日本化学工業協会LRI 研究報告会 動物実験代替路線明確に

▼経済産業省のプロジェクトに関する資料にも動物実験3Rや禁止の文字が

8月25日、工業化学物質の業界団体である日本化学工業協会(日化協)の研究報告会がありました。「日化協LRI 研究報告会」として毎年行われているもので、LRIとは長期自主研究活動(Long-range Research Initiative)のことです。

今年は残念ながら午後のシンポジウム「毒性予測の今後」しか聞くことができなかったのですが、動物実験の代替が大きなテーマになってきたことを実感する内容で、とても驚きました。
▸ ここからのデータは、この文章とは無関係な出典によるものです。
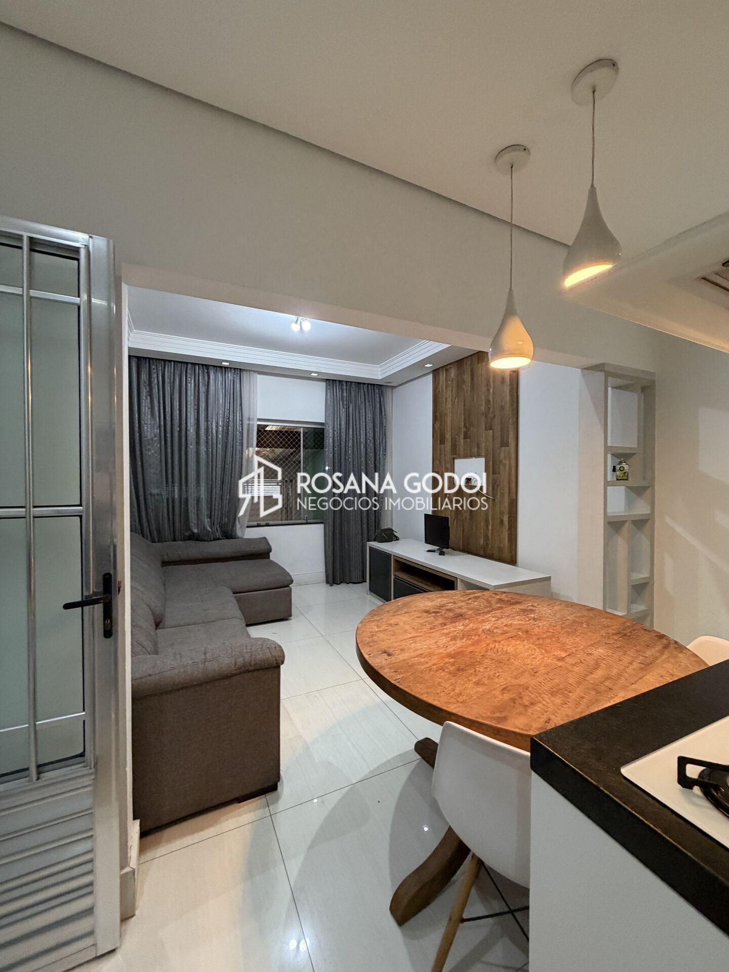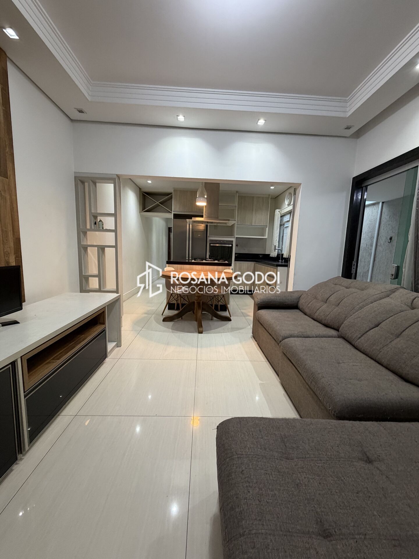 São 2 dormitórios com armários planejados, sendo 1 suíte, Sala integrada com home e ar condicionado, Cozinha com armários planejados, forno, cooktop e coifa na ilha, Wc social, Área de serviços, Quintal com churrasqueira e Garagem para 2 veiculos pequenos com portão automático.

以前には考えられなかったことで、時代が変わってきたことを感じます。

日化協からの発表でも、自分が若いころは1日何匹殺さないといけないというのがあったが、今は犠牲を減らす方向であるという話がありました。

コンピューターを用いるin silicoの予測手法の活用がなぜ必要か?というスライドには、リスク評価の迅速化や効率化と並んで、動物福祉も載っていました。脊椎動物の実験を最小限に抑えることは国際通念だときちんと書いてあります。化審法の新規物質届出のスキームの中で、どのようにこれらの予測手法を活用して行くかということについて、日化協案も考えているそうです。

また、今後の動物実験代替法の開発・実用化に際して土台になっていくと考えられているAOP(有害性発現経路:Adverse outcome pathway)についても、OECDのプロジェクトに参加した日本免疫毒性学会試験法委員会AOP検討小委員会から説明があり、かなり情報共有に時間が割かれました。日本でもこの流れが大きくなってきていると感じます。
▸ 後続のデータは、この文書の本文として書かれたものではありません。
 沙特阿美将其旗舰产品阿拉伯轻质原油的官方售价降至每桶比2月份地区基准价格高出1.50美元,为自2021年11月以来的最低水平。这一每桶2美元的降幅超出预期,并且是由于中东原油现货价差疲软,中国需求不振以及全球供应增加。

現在、経済産業省は「省エネ型電子デバイス材料の評価技術の開発事業(機能性材料の社会実装を支える高速・高効率な安全性評価技術の開発 -毒性関連ビッグデータを用いた人工知能による次世代型安全性予測手法の開発-)」というプロジェクトを進めているのですが、この中でもAOPは重要な位置を閉めます。

このプロジェクトについてもプロジェクトリーダーである東京大学の船津公人教授からお話がありました。化学物質の研究開発費の20%を占めるといわれる安全性評価にかかるコストや期間の短縮ができることなどを目指して、統合的予測システムの構築へ向けた研究が行われているとのこと。

このプロジェクトについては、経済産業省の担当課の課長さんが代替法学会の市民公開講座シンポジウムにパネリストとして出てくださるので、ぜひ皆さまご参加くださいね。

パネルディスカッション

印象に残ったあたりをピックアップすると、まずPMDAの方は、予測手法について何らかの透明性がないと行政的利用はできないと言っていました。皆がわかるガイドラインが必要といった意見も。

一方、「個人の意見だが、毒性試験も再現性はないと思う」という発言もありました。でもまあ、これでやっていきましょうというのを動物実験はやってきたが予測手法はそこがまだ模索中。

この流れで、ILSI HESIのアドバイザーをされていて海外の状況に詳しい方が、「日本人の皆さまは予測の精度について真面目です」と発言したのは印象的でした。外国でモデルの話になると、「どんなモデルも間違っている、100%は無理」という前提で、どの程度、どこで使えるかというのをやっている。日本は、間違ってはいけないというのをすごく感じる。(わかります!!) 決していい加減にやれという意味ではないがと前置きしつつ、もっとモデル活用するために積極的になってほしいととれる発言をされていました。

ここで、そうそう、だって動物実験だってそもそも100%ではないのだから!と思っていたら、ちゃんとパネリストからもその発言が出ました。(ほっ) 

しかも、動物実験のほうがブラックボックスだと。

また、なるべく動物実験はインシリコに変えていきたいがということ前提の議論もされていました。業界からも、いかに試験を減らしていくか、しかも難しくではなく簡単にしていきたい、そのために産官学で同じところで話し合う必要性がある等々。

企業が隠しているデータを出してもらうとか、製薬などでインシリコをやっている人が毒性にも注目するようになればもっと変わるようになるとか、日本がいかに計算毒性学を軽視しているかとか、製薬はAOPがピンとこない人多いが化学品と医薬品で毒性評価の考え方が違うからかもとか、興味深い話もいろいろ出ていました。

いずれにしても、一昔前では考えられないほど、動物実験を代替するということに業界が積極的になっていて、とても驚きます。

むしろ一般の人のほうが、こういう流れを知らないくらいなのではないでしょうか。